April 10, 2008

Mary Jo Foley asks if Windows 7 will be available in pieces.

It's a sensible thought. I believe that the desktop operating system is (at least currently) a dead-end. It is no longer a place where any kind of interesting platform warring can occur. All desktop operating systems must offer similar resources (access to the capabilities of the underlying hardware, file-system, graphic user-interface including components, media handling etc. etc.)

Until the hardware changes or human requirements change fundamentally, these are more or less static; commoditized.

Windows, Mac and Linux all do a sufficiently OK job of providing for these requirements that the choice of one or the other offers little advantage to the application writer. One chooses to write for Windows because that's where the biggest market is, or Mac because that's where the most exclusive market is, or Linux because of ideological commitment.

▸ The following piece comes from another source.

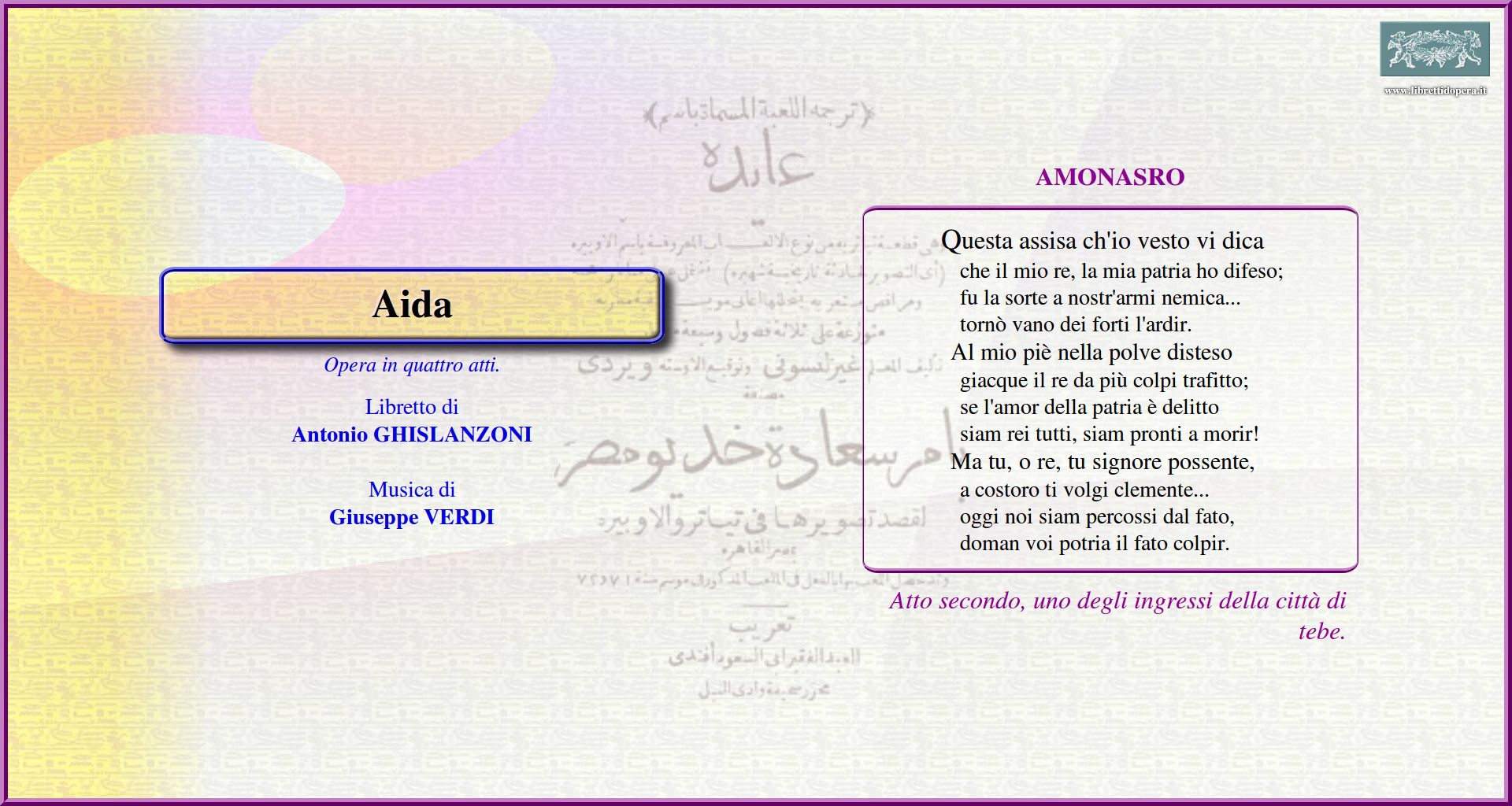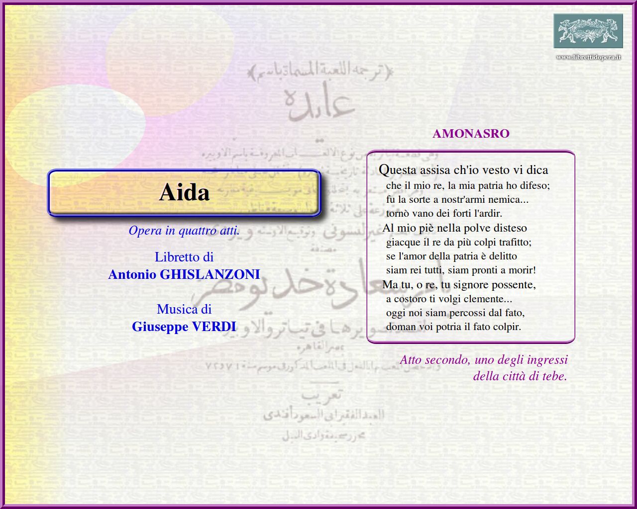 Prima pagina con ritratto di Verdi I sacri nomi di padre... di amante Celeste Aida, forma divina Questa assisa ch'io vesto vi dica Gloria all'Egitto e ad Iside O cieli azzurri... o dolci aure native Morir! sì pura e bella!

Differentiating desktop operating systems boils down to tweaking the inessentials.

This is why Microsoft's huge investment of time, money and goodwill in Vista was a strategic mistake. One which cost the company far more than a desktop OS could ever recover.

Instead, the competitive action has moved to new loci. As I've mentioned on my other blog, there is a dramatic upheaval going on in the software world :

Applications are getting pulverized, fragmented down into smaller, more focussed, single "feature" mini-applications that I tend to call "widgets". This is happening because there are new networks for organizing and plugging the widgets together. Widgets are tethered through web protocols, RSS etc to server based applications in the "cloud" but are only distantly connected to each other.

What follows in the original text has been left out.